Reproduce the material below line by line, beginning with its first line and ending with the line that contains "The local newspaper, Hong"; leave out pictures.
+++ Data records +++
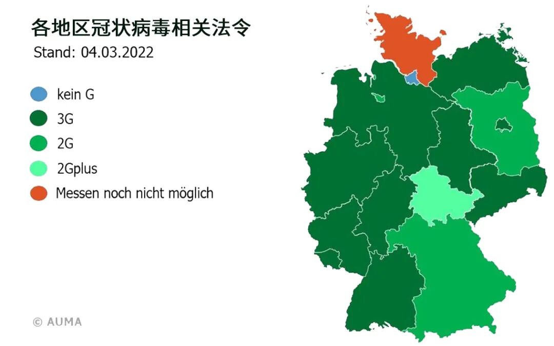依据新的冠状病毒法令:自3月4日起,贸易展览会可以再次举行。符合3G-Regel(已接种欧盟认可疫苗 / 新冠康复 / 新冠病毒检测呈阴性)的参与者可进入展览中心及展厅。该政策将持续至2022年3月19日。
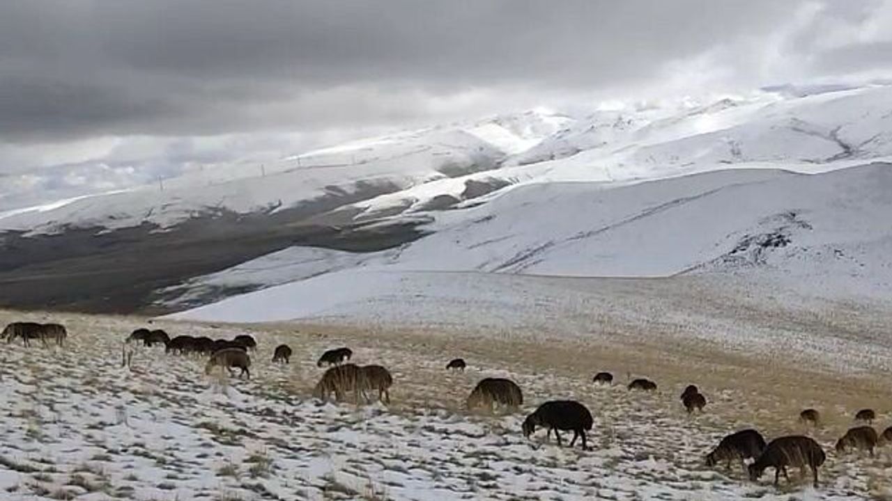 Ağrı'nın yüksek kesimlerinde etkili olan kar yağışına hazırlıksız yakalanan çoban, koyunlarını kar altında otlattı.
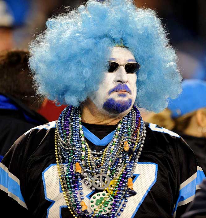 85. Of course, you can’t show your support for the Carolina Panthers without make up and a goofy blue wig to go with it.
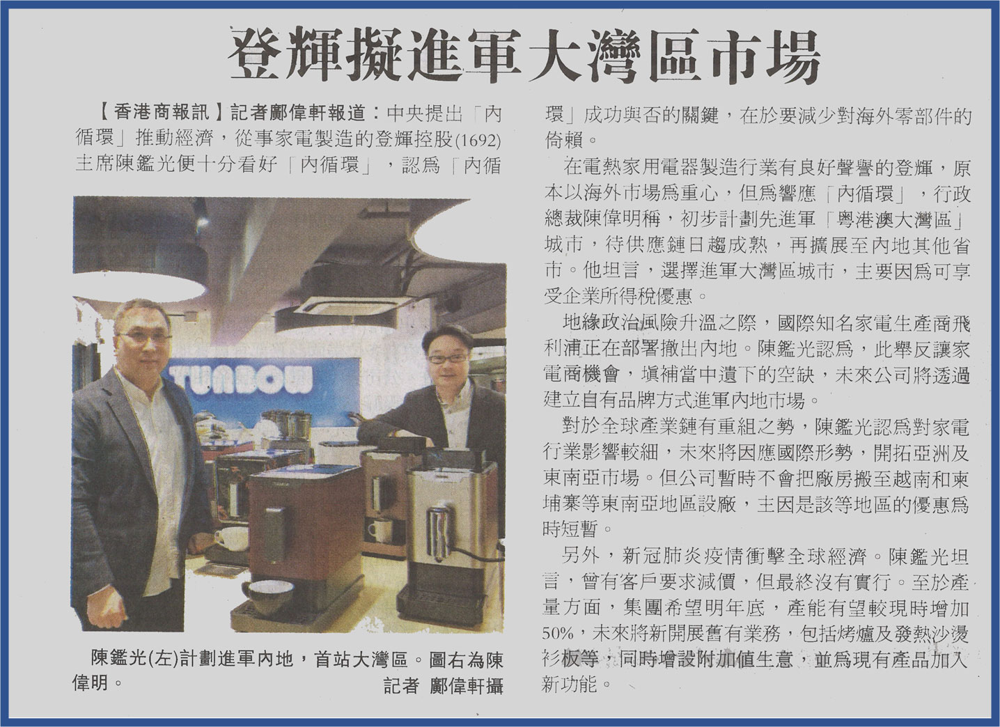 The local newspaper, Hong Kong Commercial Daily, has conducted an interview with our Group’s Chairman, Dr. Chan Kam Kwong, Charles, over the topic of “ Economic Internal Circulation” promoted by the PRC government. Dr. Chan is very optimistic about the "Economic Internal Circulation" and believes that the key to success lies in reducing the reliance on parts imported from overseas.
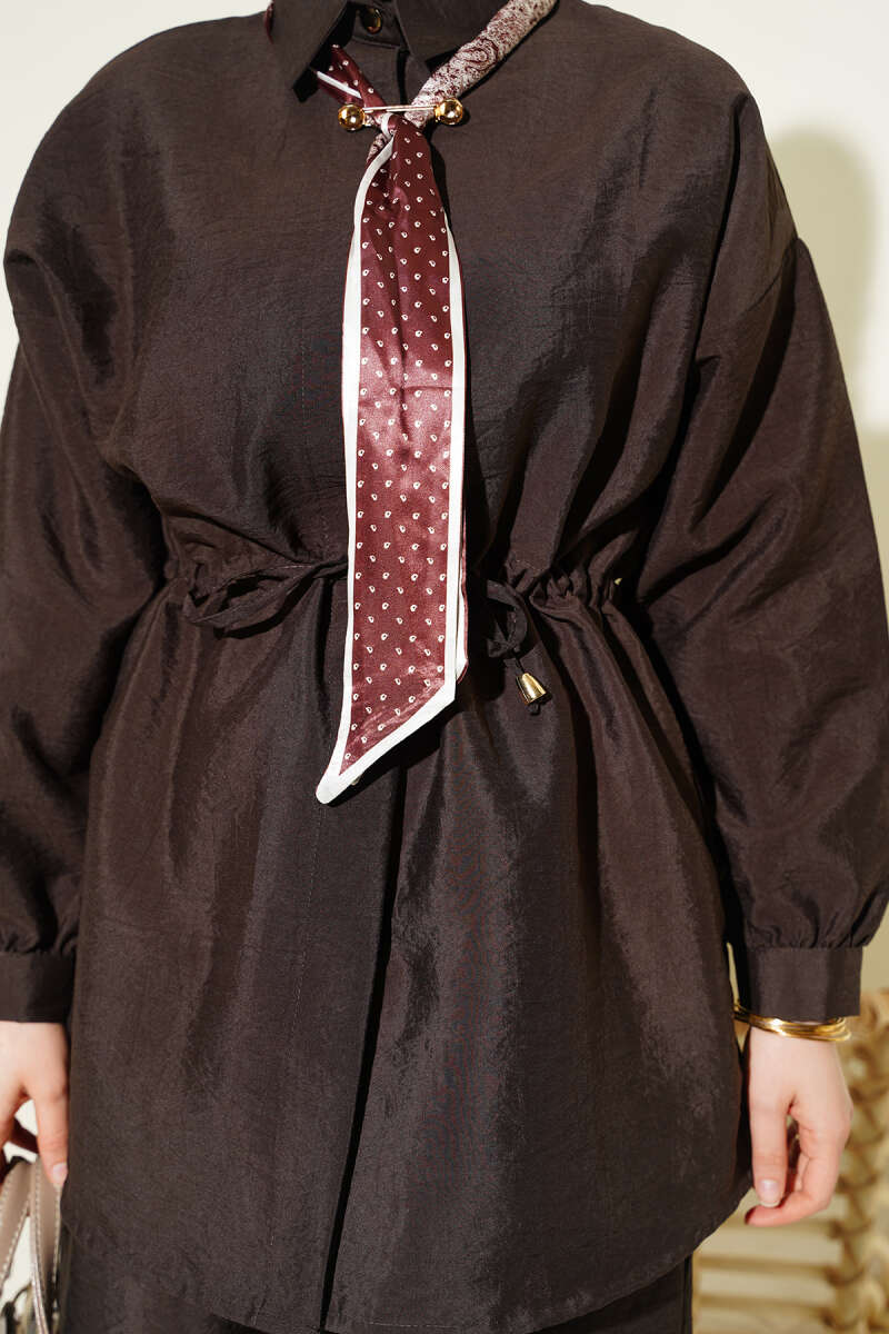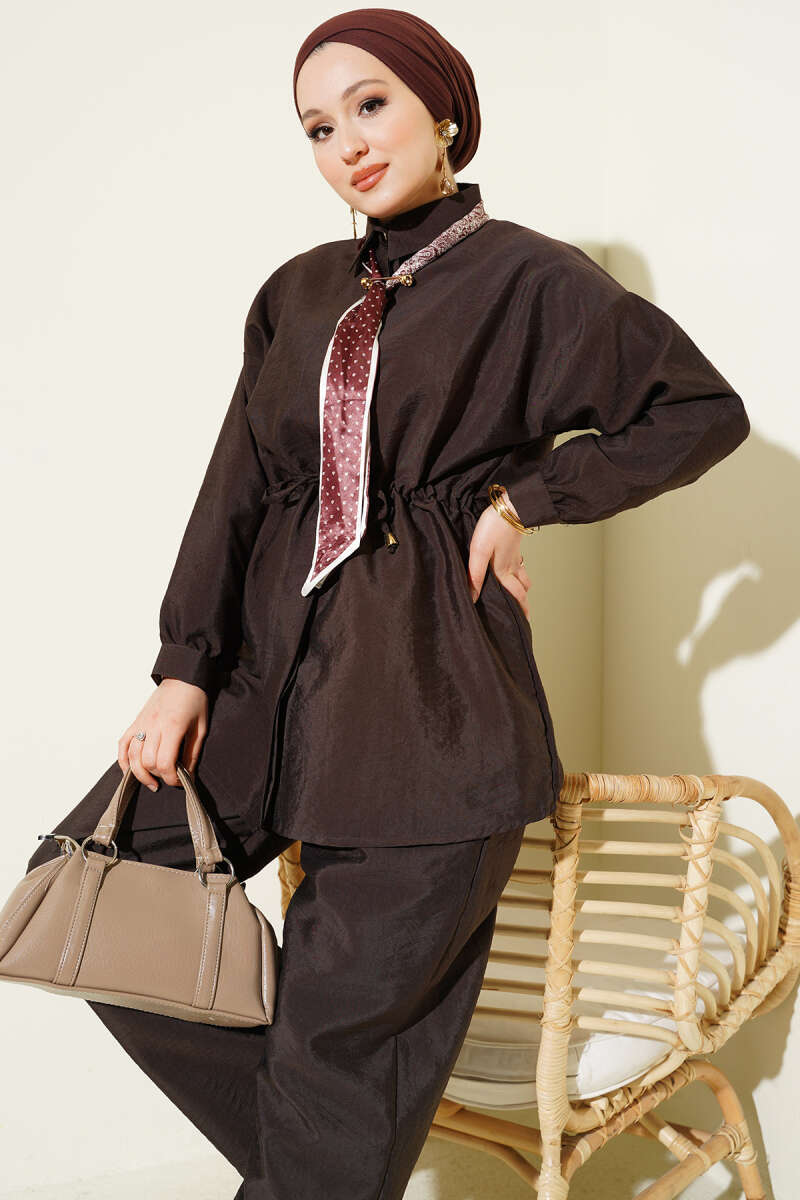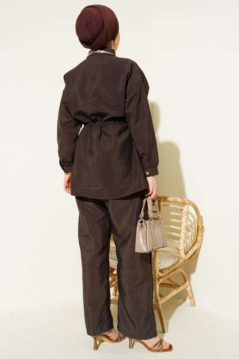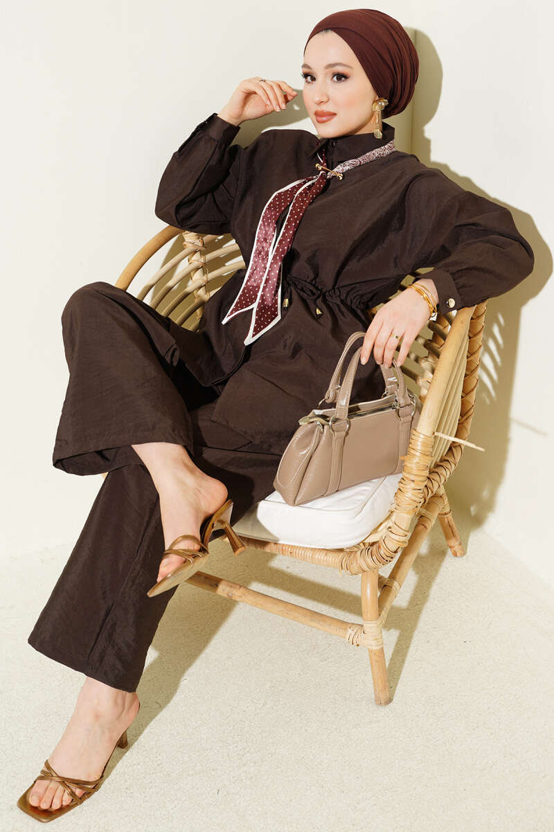 Modern paraşüt kumaş yapısıyla hem sportif hem de şık bir görünüm sunan bu ikili takım, hafif dokusu sayesinde gün boyu üstün bir konfor vadeder. Bel kısmındaki ayarlanabilir tünel bağcık detayı silüetinizi zarifçe vurgularken, takıma eşlik eden fular detayı tasarıma sofistike ve özgün bir hava katar. Rahat kesim pantolonu ve fermuarlı üst parçasıyla hareket özgürlüğünü destekleyen bu set, fonksiyonelliği modern şehir stiliyle birleştirir. Gardırobunuzun en dinamik parçalarından biri olmaya aday olan bu takım, çabasız şıklığı her ortamda üzerinizde taşımanıza olanak tanır.
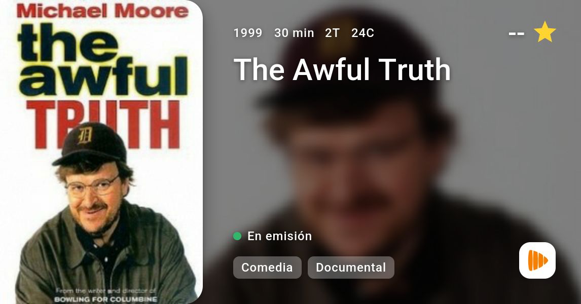 Serie de TV (1999-2000). 24 Episodios. Producido, dirigido y conducido por el propio Moore, The Awful Truth presenta documentales de corta duración en los que el realizador permanece fiel al espíritu de su ópera prima Roger and Me: hurgar sin frenos en las miserias, contradicciones e injusticias de la sociedad americana y, especialmente, en la responsabilidad del sector empresarial y financiero.
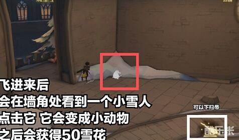 ①湖边雪人是在城堡上空玩黑魔法防御课的门洞方向飞,过去之后就可以看到墙角的雪人了,玩家需要等他变成小动物哦;
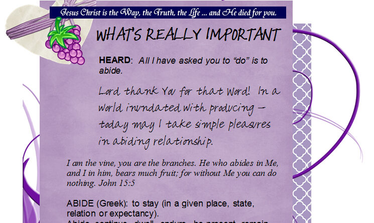 Read More7/11/25 TO-DO LIST HEARD: What am I asking you to do? Right now. Not tomorrow. Not yesterday. Just abide. What does
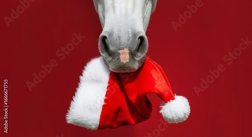 horse, christmas, santa, hat, hold, foal, pony, macro, portrait, nose, muzzle, many-coloured, isolated, red, brown, new year, celebrate, holiday, year, symbol, tradition, postcard, smile, background, eye, decoration, small, cute, 2026, concept, glistering, countryside, eve, congratulation, funny, welcome, animal, farm, season, pose, horse breeding, agriculture, santa, present
+++
#### [Written reply]
依据新的冠状病毒法令:自3月4日起,贸易展览会可以再次举行。符合3G-Regel(已接种欧盟认可疫苗 / 新冠康复 / 新冠病毒检测呈阴性)的参与者可进入展览中心及展厅。该政策将持续至2022年3月19日。
 Ağrı'nın yüksek kesimlerinde etkili olan kar yağışına hazırlıksız yakalanan çoban, koyunlarını kar altında otlattı.
 85. Of course, you can’t show your support for the Carolina Panthers without make up and a goofy blue wig to go with it.
 The local newspaper, Hong Kong Commercial Daily, has conducted an interview with our Group’s Chairman, Dr. Chan Kam Kwong, Charles, over the topic of “ Economic Internal Circulation” promoted by the PRC government. Dr. Chan is very optimistic about the "Economic Internal Circulation" and believes that the key to success lies in reducing the reliance on parts imported from overseas.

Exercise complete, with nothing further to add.